Below is a brief explanation of the phases in stock investment to guide you in timing the stock market.
Buying Cheap at the Accumulation Phase
When a market hits bottom, some investors start to sell their holdings fearing a dark future ahead. The result is a drop in stock values consistent with a low demand. But when stock prices are, rest assured that a couple of investors and experienced traders will begin to buy. This defines the accumulation phase. From negatives, buyers who are attracted to low stock prices will gradually pull up the market and it moves from negative to neutral.
Following Suit at the Mark-up Phase
Once the market becomes stable, it begins to look good again. After observing that the market is having higher highs, more people invest in these stocks up until the phase matures. Many will follow suit wanting a piece of what seems to be a good pie. All this movement is leading towards a bubble. The market reaches a climax but soon enough the prices will drop again. In timing the stock market, it is said that what goes up must come down.
Mixed Emotions in the Distribution Phase
The Distribution Phase is characterized by mixed emotions. Investors, uncertain as to how to proceed, may find themselves gripped by fear combined with greed because on occasion the market appears to be taking off again.

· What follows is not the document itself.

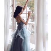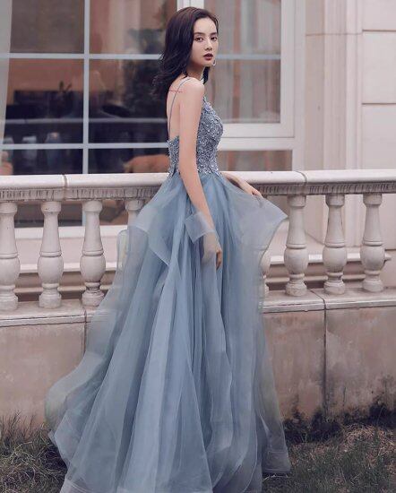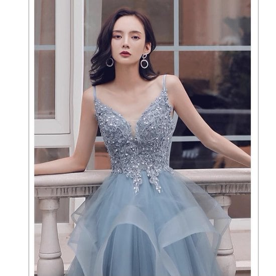 演奏会ドレス レディース 結婚式ドレス Vネック チュールレース ロング丈 キャミソールドレス パーティードレス カラードレス イブニングドレス 披露宴 ステージ衣装 エレガント 華やか ブルー

The Final Drop at the Mark-Down Phase
The last phase in the cycle is the hardest for those who purchased stocks at the distribution or early mark-down phase. The market is starting to plunge again after having stabilized and risen drastically. Bubbles, which are highs driven solely by investors following upwards trends, won’t be able to sustain prices higher than the actual stock value. At some point, stock prices will go down again until it hits the next phase.
Timing the stock marketmay take years of careful observation and experience. What’s important though is to understand the phases it goes through and be able to identify them as they come. Doing this can lead to great stock market investing returns.